OXiGENE, Inc, a clinical-stage, biopharmaceutical company developing novel therapeutics to treat cancer and eye diseases, said its anti-tumour drug candidate Zybrestat met initial goals in a phase II clinical trial.

The trial with topical formulations of Zybrestat for ophthalmologic indications, were performed in industry-standard rabbit models. The mid-stage trial indicated that two formulations of Zybrestat, when applied topically to the surface of the eye, are absorbed and result in concentrations of drug in target tissues in the back of the eye (i.e., the retina and choroid). OXiGENE believes that it would be sufficient for therapeutic activity in age-related macular degeneration (ARMD) and potentially other eye diseases in which abnormal neovascularization plays a role. These results confirm preliminary results seen in earlier preclinical studies, said a company press release.

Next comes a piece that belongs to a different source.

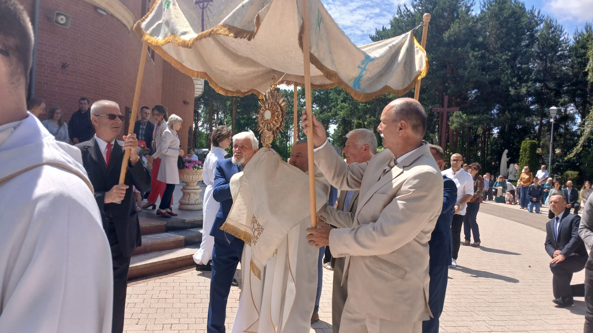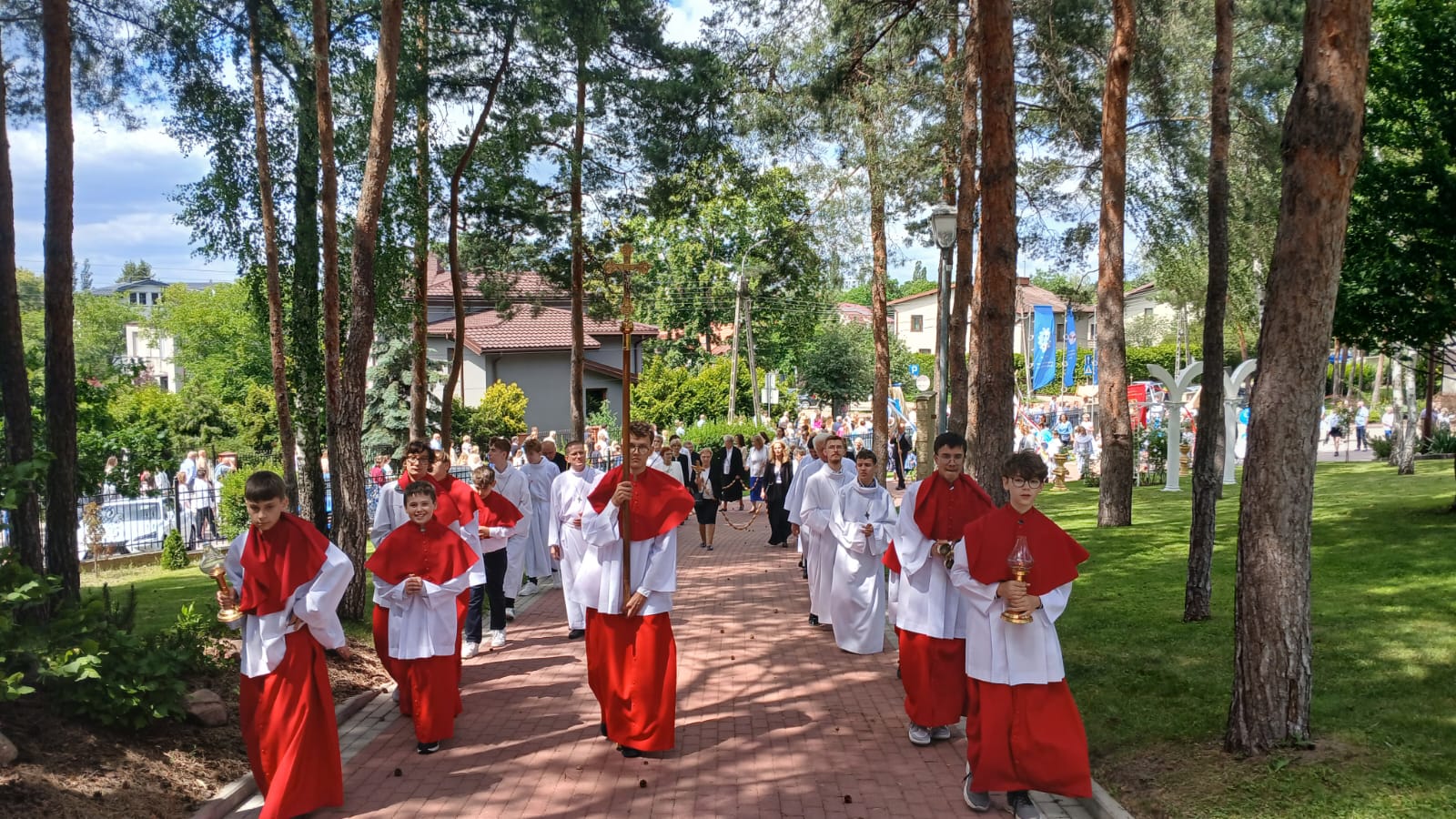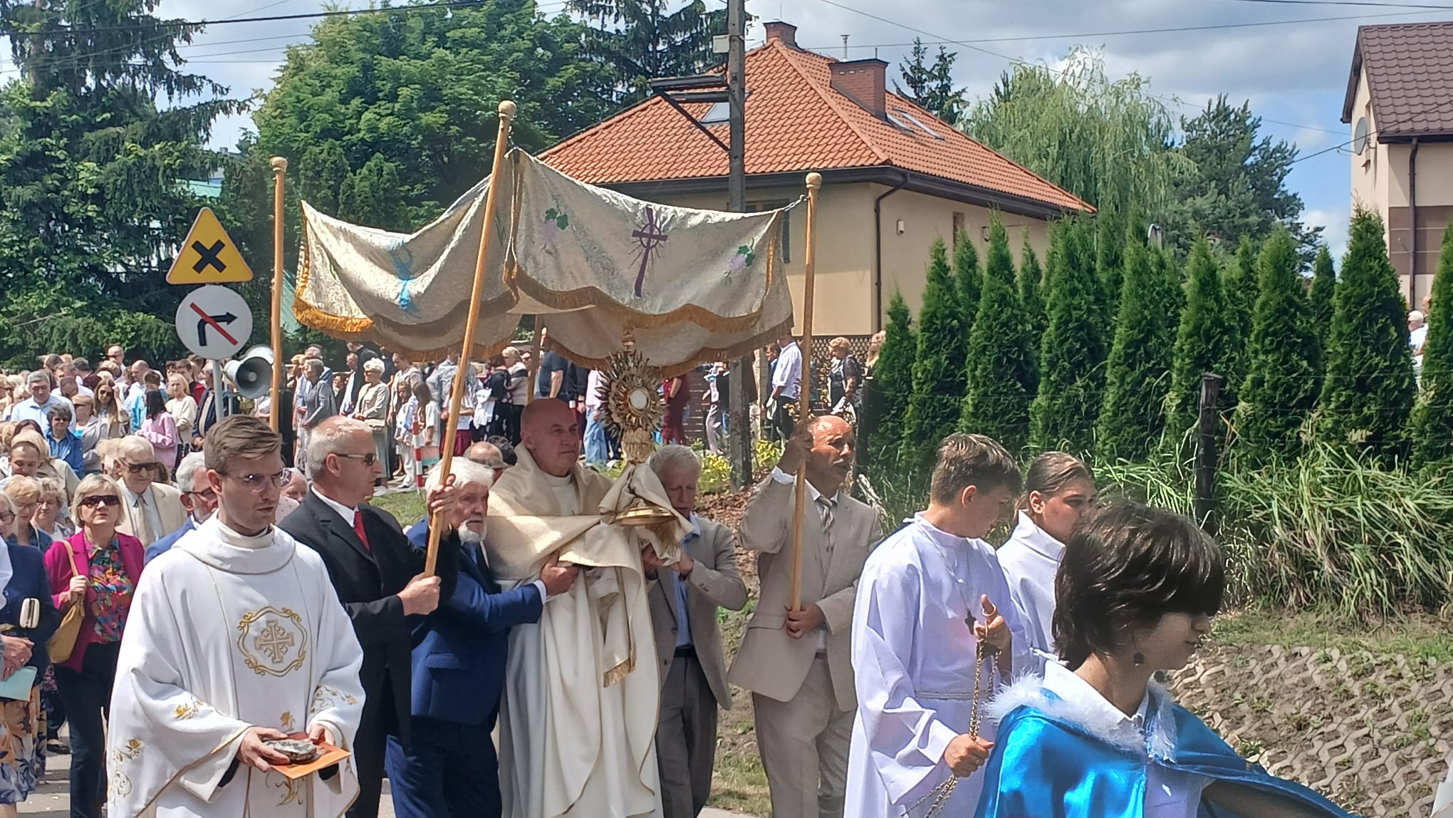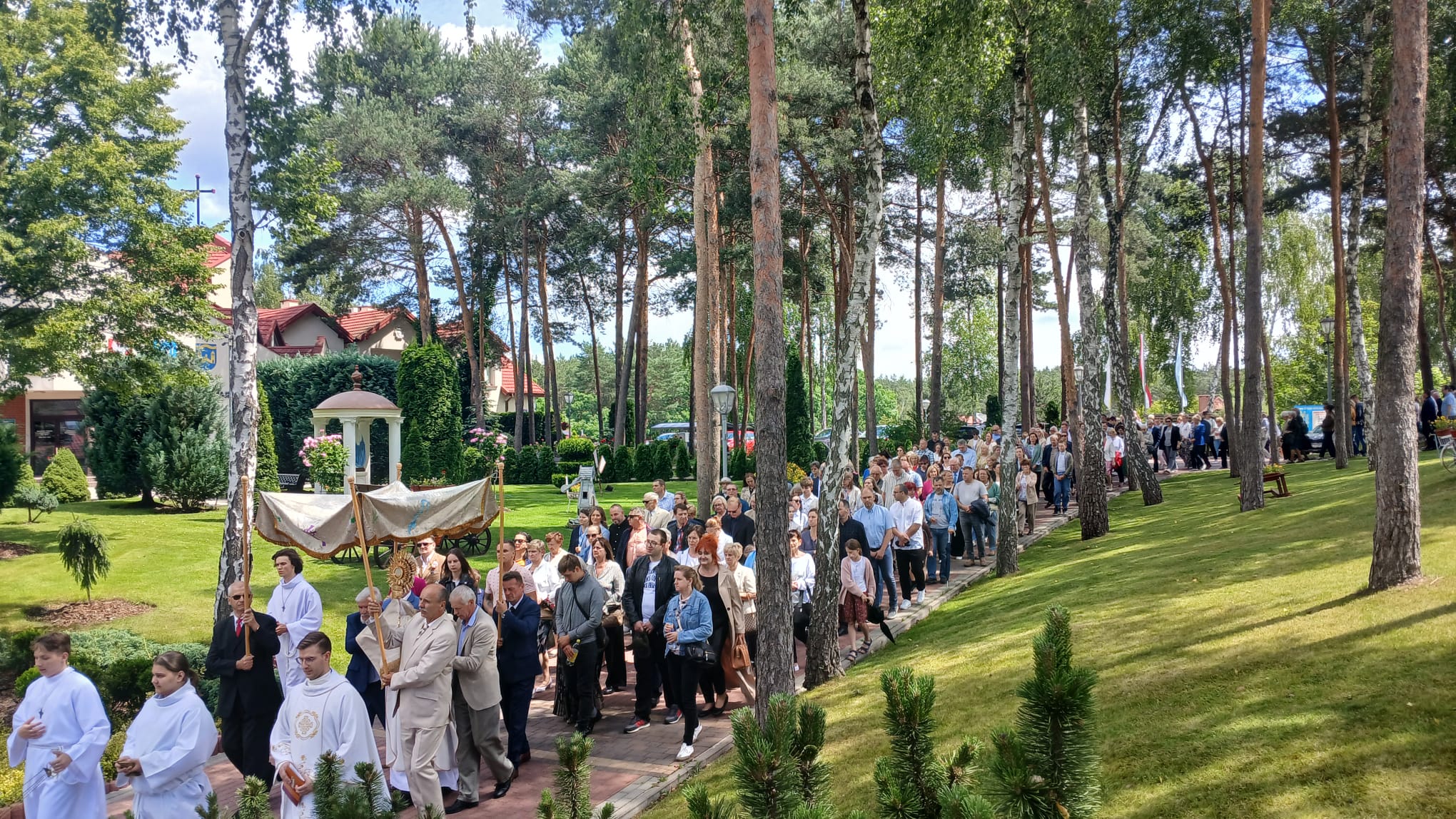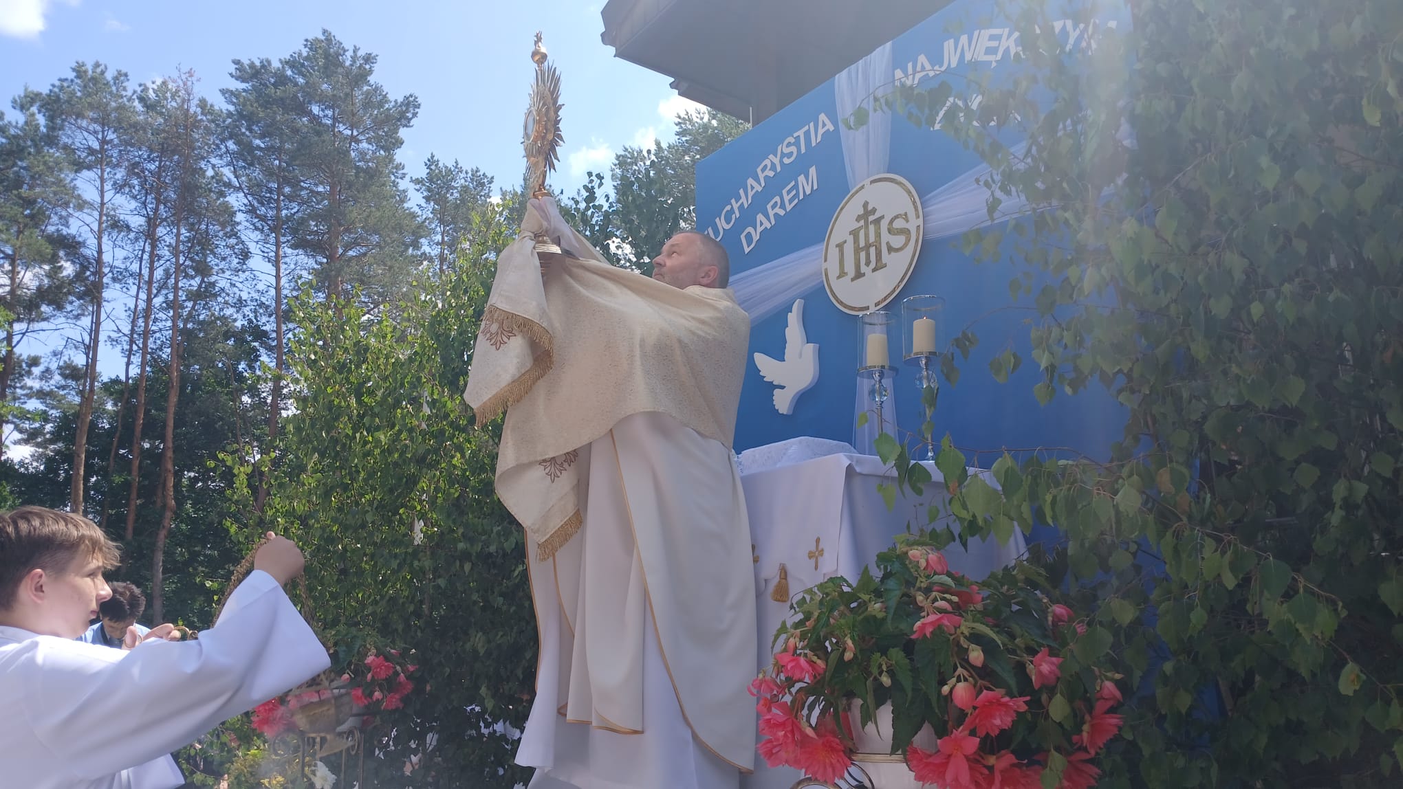 Uroczystość Najświętszego Ciała i Krwi Chrystusa, czyli potocznie, Boże Ciało, to wyjątkowy czas w ciągu roku. Dziękujemy Panu Jezusowi, że zostawił się nam pod postaciami chleba i wina. Chcemy w procesji eucharystycznej iść za Nim przechodząc ulicami naszej parafii, obok naszych domów i mieszkań. Pokazujemy za kim chcemy iść w naszym życiu. Dziękujemy wszystkim tym, którzy przyczynili się do wyjątkowego przeżycia tego czasu. Dziękujemy przede wszystkim tym, którzy przygotowali cztery ołtarze, przy których została odczytana Ewangelia i mogliśmy adorować Jezusa Chrystusa w Najświętszym Sakramencie. Każdy z ołtarzy został przygotowany i udekorowany przez przedstawicieli poszczególnych rejonów naszej parafii. Dziękujemy tym, którzy poświecili swój czas i siły do ich przygotowania. Dziękujemy Służbie Liturgicznej naszej parafii: ministrantom, lektorom, bielankom. Dziękujemy naszej parafialnej scholi Fatima Canta wraz z Panią Anitą Rodak oraz Państwu Stefańskim za prowadzenie śpiewu podczas procesji. Dziękujemy tym wszystkim, którzy nieśli baldachim oraz podtrzymywali kapłana niosącego Najświętszy Sakrament, tym którzy nieśli chorągwie, poduszki oraz różaniec. Dziękujemy Straży Miejskiej za zabezpieczanie trasy naszej procesji. Dziękujemy wszystkim parafianom i gościom za to, że idąc w procesji pokazali swoją wiarę w obecność Jezusa Chrystusa pośród nas.

"Achieving therapeutic concentrations of Zybrestat with topical delivery in relevant ocular tissues, such as the retina, in preclinical models represents a key milestone in OXiGENE's ophthalmology programme," said Richard Chin, M.D, president and chief executive officer, OXiGENE. "Having previously observed in clinical trials that intravenously-administered Zybrestat has clinical activity in patients suffering from a form of macular degeneration, we believe a topical formulation of Zybrestat that delivers sufficient quantities of drug to target tissues in the eye has a high likelihood of demonstrating activity in the clinic. We now have results from multiple preclinical studies suggesting that development of such a formulation is feasible, and we believe that a topical formulation of Zybrestat could potentially be a major advance for patients with a variety of ophthalmic diseases and conditions."

Tolerability of the formulations was favourable in the rabbit studies, confirming data from earlier rodent studies. Based on these results, OXiGENE is proceeding with further preclinical studies in non-rodent models, which, if consistent with results from rabbit and rodent studies, are expected to provide support for an IND submission, currently planned for the first half of 2008.

In February 2007, OXiGENE announced positive results from a Phase II clinical trial of intravenous Zybrestat in 23 patients with myopic macular degeneration. All patients achieved the primary endpoint of the trial, stabilization of vision.

Zybrestat is currently being evaluated in a pivotal registration study in anaplastic thyroid cancer (ATC) under a Special Protocol Assessment agreement with the US Food and Drug Administration (FDA). OXiGENE believes that Zybrestat is poised to become the first therapeutic product in a novel class of small-molecule drug candidates called vascular disrupting agents (VDAs). Through interaction with vascular endothelial cell cytoskeletal proteins, Zybrestat selectively targets and collapses tumour vasculature, thereby depriving the tumour of oxygen and causing death of tumour cells. In clinical studies in solid tumours, Zybrestat has demonstrated potent and selective activity against tumour vasculature, as well as clinical activity against ATC, ovarian cancer, and various other solid tumours. In clinical studies in patients with forms of macular degeneration, intravenously-administered Zybrestat has demonstrated clinical activity, and the Company is working to develop a convenient and patient-friendly topical formulation of Zybrestat for ophthalmological indications.

OXiGENE is a clinical-stage biopharmaceutical company developing novel therapeutics to treat cancer and eye diseases. The company's major focus is developing VDAs that selectively disrupt abnormal blood vessels associated with solid tumour progression and visual impairment.